Could you please return each line of the data that has the word "with"?

• _GIVEN INFORMATION_:
--------------------------------

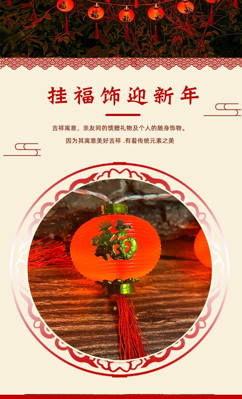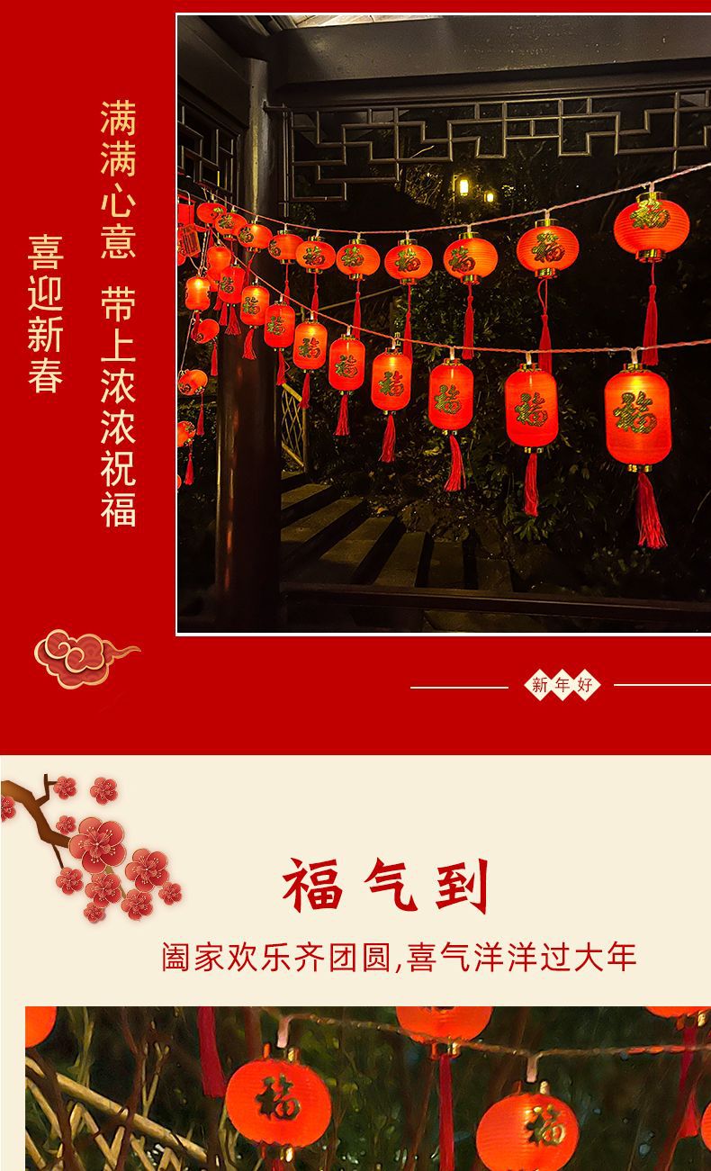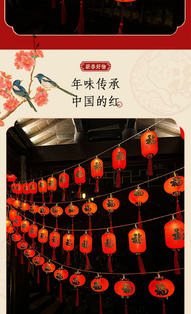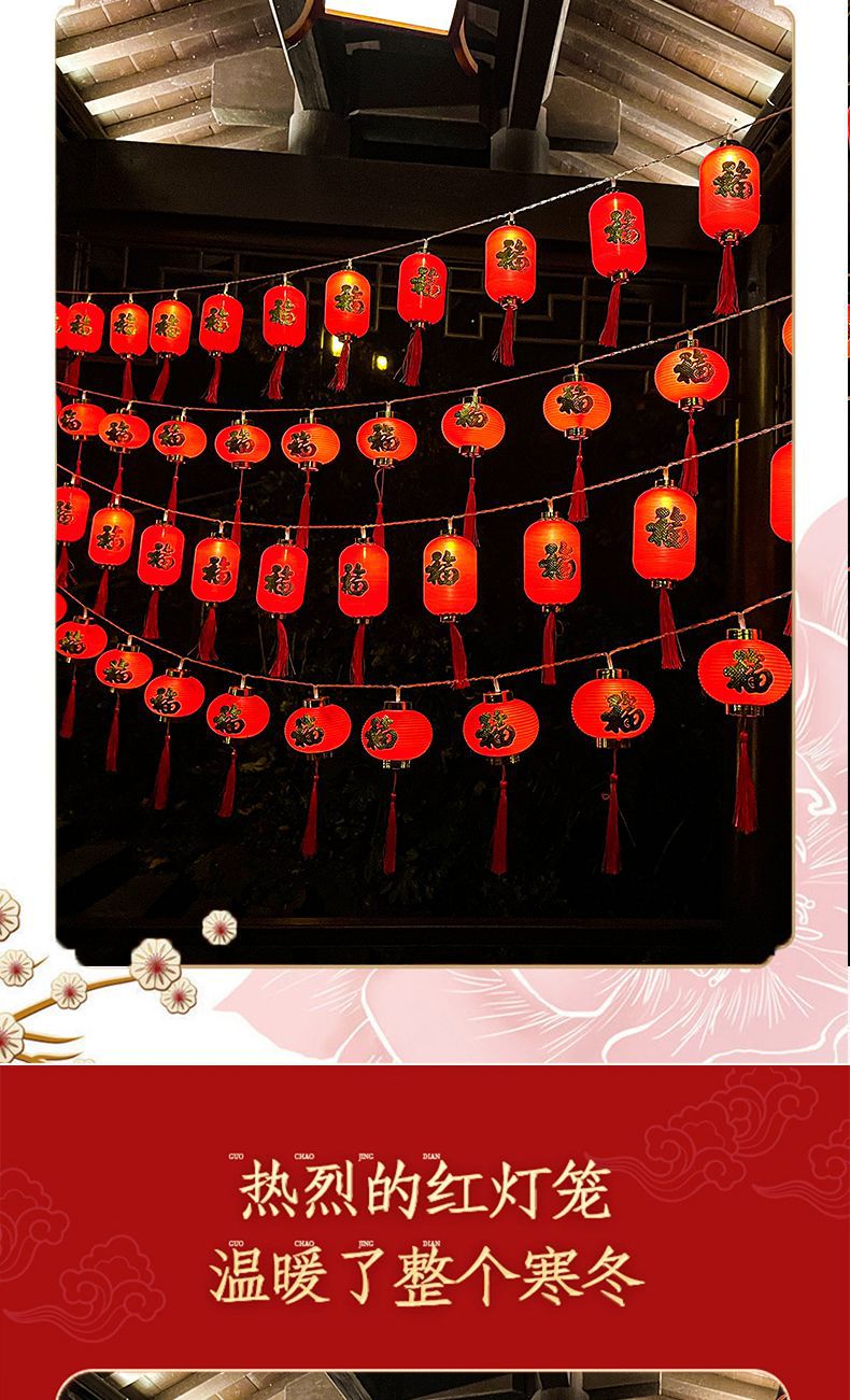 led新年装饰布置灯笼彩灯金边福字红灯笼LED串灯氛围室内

--------------------------------

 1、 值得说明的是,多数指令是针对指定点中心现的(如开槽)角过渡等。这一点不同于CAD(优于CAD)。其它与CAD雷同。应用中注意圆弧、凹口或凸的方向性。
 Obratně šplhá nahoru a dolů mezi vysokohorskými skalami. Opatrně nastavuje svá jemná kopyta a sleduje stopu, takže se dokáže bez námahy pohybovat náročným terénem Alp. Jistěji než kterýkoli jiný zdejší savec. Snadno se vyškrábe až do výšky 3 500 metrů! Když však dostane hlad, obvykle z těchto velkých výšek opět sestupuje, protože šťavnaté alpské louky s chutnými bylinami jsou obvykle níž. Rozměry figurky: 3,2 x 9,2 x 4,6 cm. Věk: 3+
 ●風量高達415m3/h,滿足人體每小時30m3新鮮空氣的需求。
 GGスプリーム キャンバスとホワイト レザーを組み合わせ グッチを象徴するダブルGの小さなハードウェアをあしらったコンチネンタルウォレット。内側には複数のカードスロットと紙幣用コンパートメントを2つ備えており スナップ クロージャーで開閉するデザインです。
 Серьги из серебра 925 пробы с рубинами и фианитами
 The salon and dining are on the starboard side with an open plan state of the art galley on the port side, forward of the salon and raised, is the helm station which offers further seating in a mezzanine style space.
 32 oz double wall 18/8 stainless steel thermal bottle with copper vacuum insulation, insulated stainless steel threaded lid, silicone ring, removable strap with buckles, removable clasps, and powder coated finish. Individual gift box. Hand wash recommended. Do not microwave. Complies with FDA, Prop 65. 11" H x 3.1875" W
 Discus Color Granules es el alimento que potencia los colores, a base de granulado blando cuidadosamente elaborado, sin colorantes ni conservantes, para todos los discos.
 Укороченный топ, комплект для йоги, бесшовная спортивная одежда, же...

--------------------------------

• _OUTPUT FOR THIS TASK_:
 The salon and dining are on the starboard side with an open plan state of the art galley on the port side, forward of the salon and raised, is the helm station which offers further seating in a mezzanine style space.
 32 oz double wall 18/8 stainless steel thermal bottle with copper vacuum insulation, insulated stainless steel threaded lid, silicone ring, removable strap with buckles, removable clasps, and powder coated finish. Individual gift box. Hand wash recommended. Do not microwave. Complies with FDA, Prop 65. 11" H x 3.1875" W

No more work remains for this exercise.